- _Directions_
The material below holds pictures; leave them out and reproduce exactly the lines from the one with "sièges) | ||||||||||||||" through the one with "Whale tail ring 5500.0", inclusive.

- _Data section_
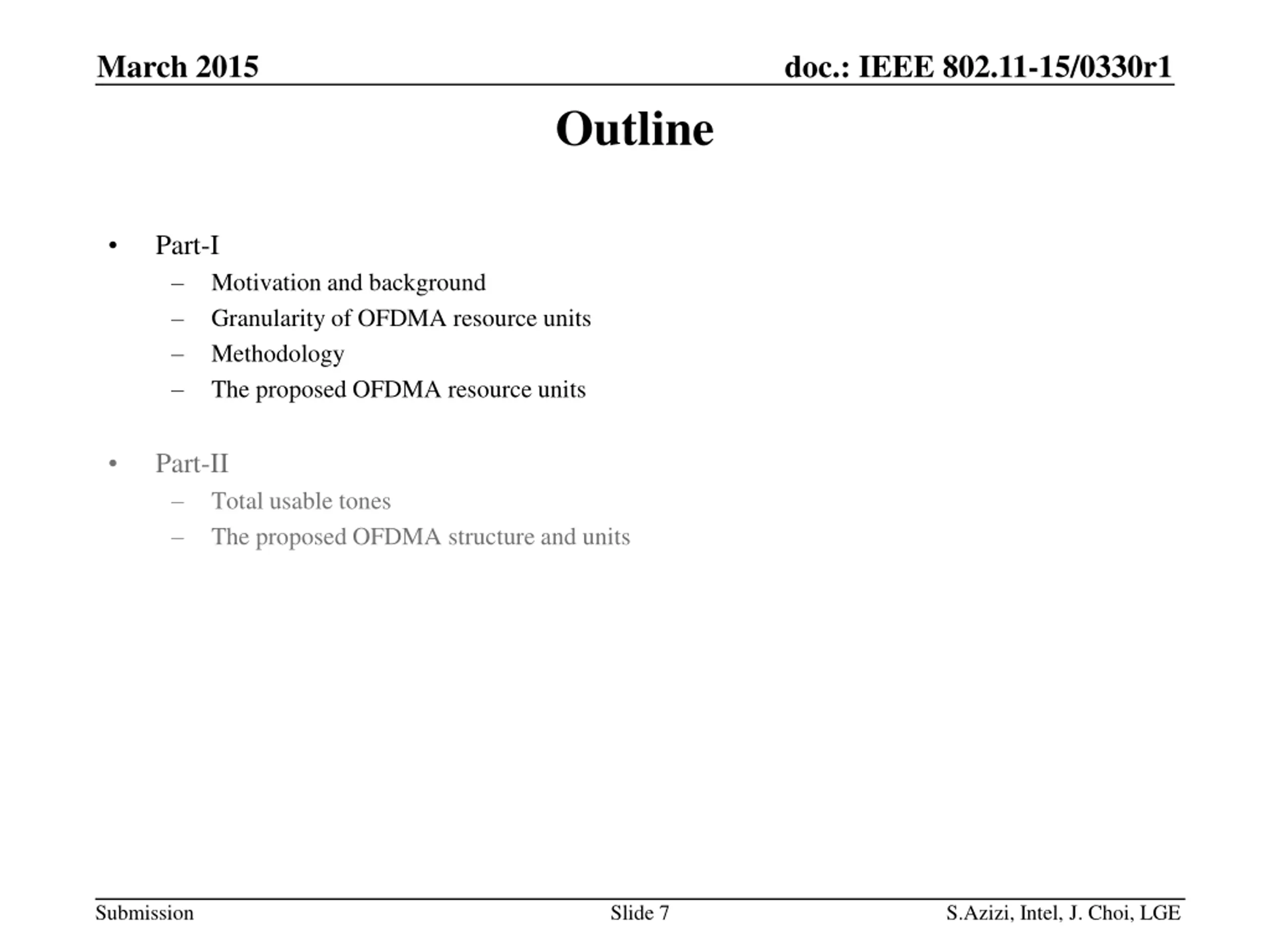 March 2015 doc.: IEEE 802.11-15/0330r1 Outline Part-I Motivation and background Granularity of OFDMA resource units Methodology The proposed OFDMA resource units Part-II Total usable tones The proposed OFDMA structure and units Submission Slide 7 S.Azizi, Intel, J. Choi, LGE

---

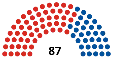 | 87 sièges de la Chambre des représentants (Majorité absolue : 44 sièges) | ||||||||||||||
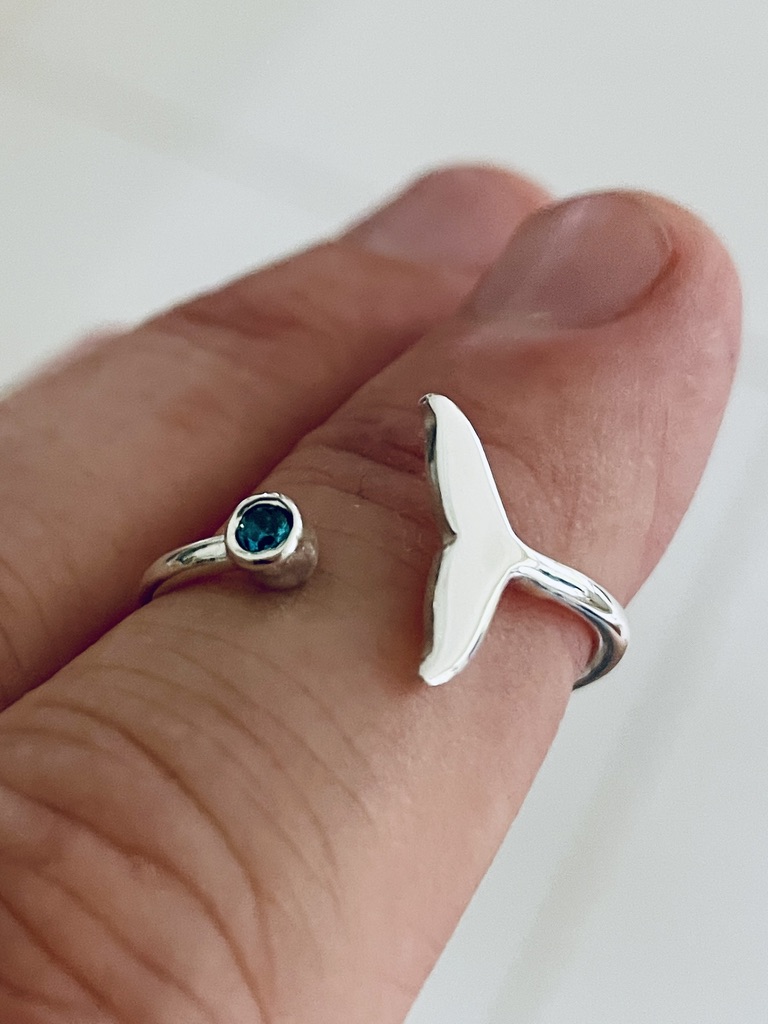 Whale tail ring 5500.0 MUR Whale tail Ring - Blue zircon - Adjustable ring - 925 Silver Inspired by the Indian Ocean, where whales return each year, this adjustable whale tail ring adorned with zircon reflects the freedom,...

* * *

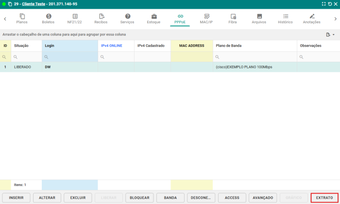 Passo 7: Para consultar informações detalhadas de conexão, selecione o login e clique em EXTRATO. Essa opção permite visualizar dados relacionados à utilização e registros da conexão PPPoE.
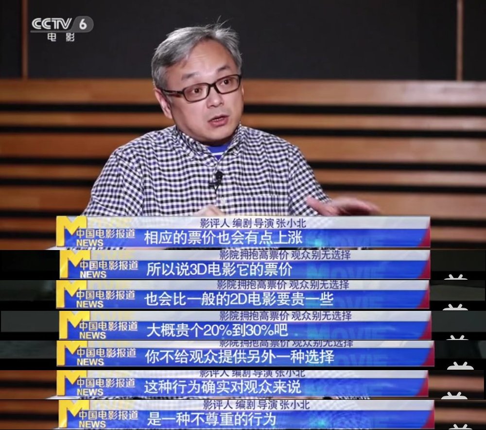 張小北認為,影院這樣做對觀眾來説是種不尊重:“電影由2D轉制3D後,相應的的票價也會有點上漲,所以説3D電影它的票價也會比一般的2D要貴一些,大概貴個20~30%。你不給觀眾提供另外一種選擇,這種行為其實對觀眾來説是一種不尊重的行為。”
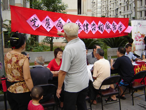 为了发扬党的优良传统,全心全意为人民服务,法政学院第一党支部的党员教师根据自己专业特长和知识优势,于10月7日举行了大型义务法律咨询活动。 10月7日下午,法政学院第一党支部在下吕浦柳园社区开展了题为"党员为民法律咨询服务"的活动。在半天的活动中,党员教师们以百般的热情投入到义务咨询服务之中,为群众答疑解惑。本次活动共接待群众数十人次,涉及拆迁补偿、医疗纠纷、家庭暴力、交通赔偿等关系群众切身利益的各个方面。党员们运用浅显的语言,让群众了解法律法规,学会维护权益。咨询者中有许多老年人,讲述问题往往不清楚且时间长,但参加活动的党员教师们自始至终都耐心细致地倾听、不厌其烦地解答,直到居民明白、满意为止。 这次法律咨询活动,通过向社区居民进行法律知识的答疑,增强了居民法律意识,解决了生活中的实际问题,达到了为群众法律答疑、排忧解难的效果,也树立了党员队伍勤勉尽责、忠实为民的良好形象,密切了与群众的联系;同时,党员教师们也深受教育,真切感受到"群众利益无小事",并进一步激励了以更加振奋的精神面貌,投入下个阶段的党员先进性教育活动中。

- _Answer to this task_
 | 87 sièges de la Chambre des représentants (Majorité absolue : 44 sièges) | ||||||||||||||
 Whale tail ring 5500.0 MUR Whale tail Ring - Blue zircon - Adjustable ring - 925 Silver Inspired by the Indian Ocean, where whales return each year, this adjustable whale tail ring adorned with zircon reflects the freedom,...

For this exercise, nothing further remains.